The most ludicrous part of Tripling — which is three seasons in and follows three siblings, Chandan (Sumeet Vyas), Chanchal (Maanvi Gagroo), and Chitvan (Amol Parashar) — is that they do not have a family Whatsapp group. This is an essential piece of information because the family — one mother (Shernaz Patel), one father (Kumud Mishra), and the three musketeers — do not seem to know anything about each other. The gaps between the seasons are gaps of information for the characters. When they meet each other again, one season later, they know and do not know just as much as we know and do not know. Each season gives the siblings a reason to bunch into a car and thrust collectively into new territories for new reasons. This season, they march to Manali, to the house they grew up in, because their parents have decided to part ways amicably and sell the house. The kids — all grown; married, kinda-married, divorced — are having none of it.
Is this a dysfunctional family? Depends on whom you ask. It is this distance between them that makes the coming together so much more free of the bonds (or shackles) of being one family. There is a freedom they tend to give each other. Perhaps, too much freedom, and it is this too-much-ness that could be construed, in the Indian context, its own kind of dysfunction. Do you not love your family enough to tie them down, connect them at your hips, keeping them entirely accessible to you?
In that sense Tripling is a marvelous piece of cultural criticism that argues against the tendency of the Indian family to mistake freedom for dysfunction or lacking love. You know that silly, stupid little platitude whacked around, that if you love something, you must learn to set it free? This show questions its validity, makes fun of it, only to come around and validate it. To have a couple, married for over 30 years, each luxuriating in the autumn of their lives, deciding to kindly part ways, keeping each other’s best interests at heart, is its own kind of love. That the collective arc of this season is for the siblings to ‘get it’ is a thrust in the direction of the Modern Family, even if the show is so self-aware of its cultural criticism, it sometimes produces a grating righteousness.
To simultaneously make fun of something while doing that very thing is a Tripling narrative trope. In season 1, while the three of them are stranded, one picks up a log of wood, and the other screams, “Abhi iss stress mein, moonlight ke neeche bonfire lagake melancholic music sunenge kya? (With all this stress, are we supposed to listen to melancholy music in the moonlight, next to a bonfire?)” Sharp cut to exactly that, not to yank laughter, but infuse vibes. The show, at its best, takes irony and gives it one tight hug.
In Season 2, we travelled from Lucknow, through Kolkata, to Sikkim. Bhutan and Pondicherry are thrown in as seeds in this season — to perhaps be shown in season 4. This season, written by Sumeet Vyas and Abbas Dalal, and directed by Neeraj Udhwani, sees the family trek, camp, and walk around the hills of Manali where wet looms of clouds can slip into your house through open windows. That travelling, being away from the maddening coos of the city, is the only possible space for unravelling, is Tripling marrying the insincere pretentiousness of wanderlust to the sincere yearning of a tight, familiar family huddle.
It is always hard to address a The Viral Fever (TVF) show as ‘good’ or ‘bad’. Not just because this is a reductive gesture, but because these are stories that are made beyond the binary. They are always technically proficient, morally forthright, emotionally pitted, and narratively neat with their specific, bite-sized episodes. There is something too confected about their worlds, you can see through the car rental advertisements and screenplay tricks. It is often hard to see individual characters as people — they are invariably stand-ins for some ideal, some ‘type’ — even as the cumulative effect of the show leaves you charmed. To crowd the show with so many ‘types’, these are masterclasses of multi-protagonist storytelling. If you ask three people, whom they think the protagonist of Tripling is, they would probably pick three different characters, depending on whom they related to most.

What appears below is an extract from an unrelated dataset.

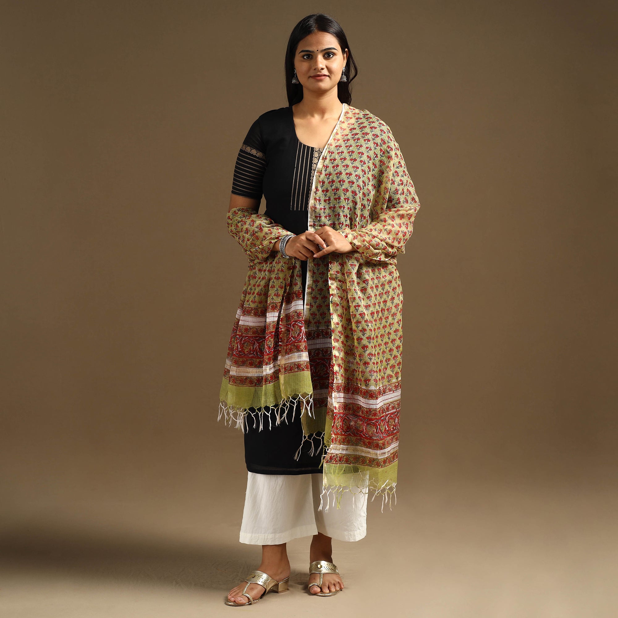 This green hand block printed kota doria dupatta beautifully blends tradition with elegance. Made from a cotton-silk blend, it has a breezy, lightweight texture that drapes effortlessly. The floral motifs, created using the sanganeri block printing technique from Sanganer near Jaipur, lend a charming touch to both everyday outfits and festive wear.

The impulse with TVF, then, is the kind of pleasure of seeing yourself reflected in a mess — not too messy, just enough to dishevel the day, not destroy it — as one of these ‘types’. A friend dismissed Tripling because she could not ‘relate’ to it. Another loved the show for the opposite reason, that he saw himself as one of the siblings. These are, then, shows that short circuit the desire for good storytelling, replacing it with the kind that feels like a companion. For good stories don’t always make for good companions.